On CNN, Cameron added that he believes the passengers on the sub “got some warning, that they heard an acoustic signature from the hull starting to delaminate.” Cameron believes he heard delamination, the process in which water begins to separate layers of fibers, “with his ears, not through the sensor system in the last moments of their lives, and that’s a pretty scary prospect.” .

He said it was “inconceivable” that the company in charge of the submersible mission to titanicOceanGate, did not go through the proper tests safe processes. He confirmed that he never did business with OceanGate and didn’t try to warn CEO Stockton Rush about his security issues, thinking “maybe they’ve worked it out (security issues).”

In an earlier interview on Thursday, he told ABC News that several of his deep-submersion colleagues had written letters to OceanGate officials in the past, warning that their submersible was too experimental and needed to be certified safe.
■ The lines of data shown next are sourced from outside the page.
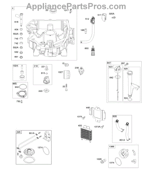Parts for Briggs & Stratton 49R977-0001-G1: Engine Sump, Oil Cooler, Dipstick / Tube Assembly Parts
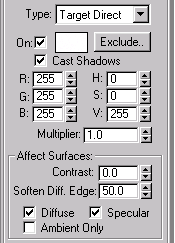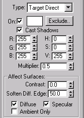 Open the Lights sub-panel and choose Target Direct.
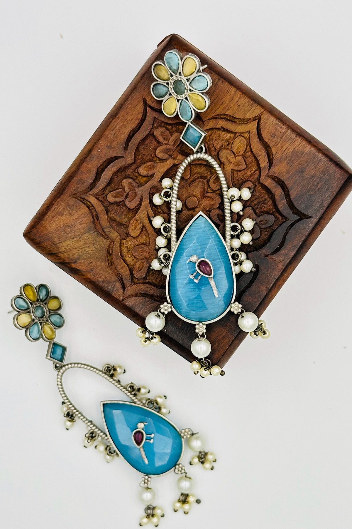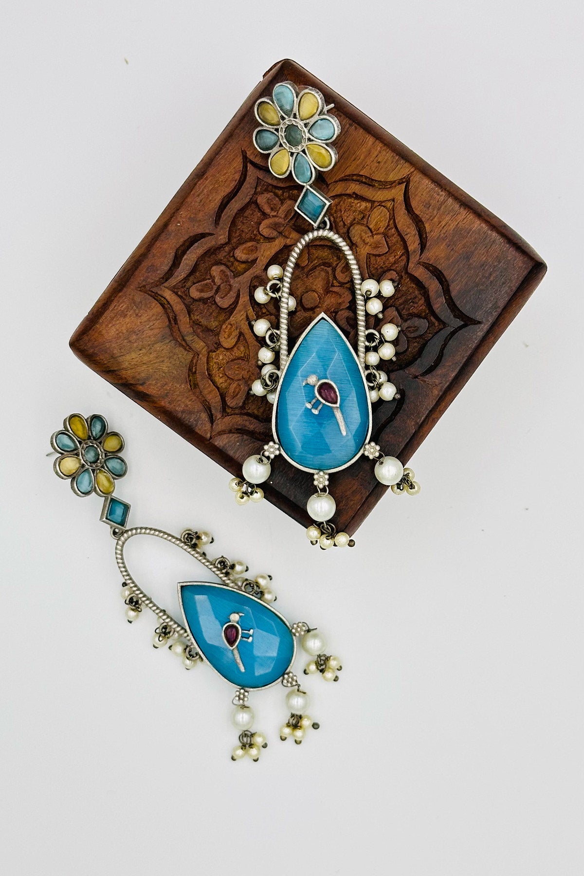 Handcrafted Silver Earrings with Feroza and Yellow Crystal Accents and Bird Embellishment - swadeshsouq.com

“I am struck by the similarity of the Titanic disaster itself, where the captain was repeatedly warned about the ice ahead of his ship, yet he sped into an ice field on a moonless night and as a result , many people died. Cameron said.

“For us, it is a very similar tragedy where the warnings were not heeded. That it happens in exactly the same place with all the diving that is done all over the world, I think it’s amazing. It’s really quite surreal.”

An expert scuba diver who has participated in more than 30 deep-sea expeditions, Cameron piloted an experimental vessel of his own design on an unprecedented dive in an underwater valley in the Mariana Trench in 2012.

He “knowingly” did not seek certification for his vessel, he said The New York Times on Thursday, because it was a scientific and solo mission.

“I would never design a passenger-carrying vehicle and not have it certified,” he said.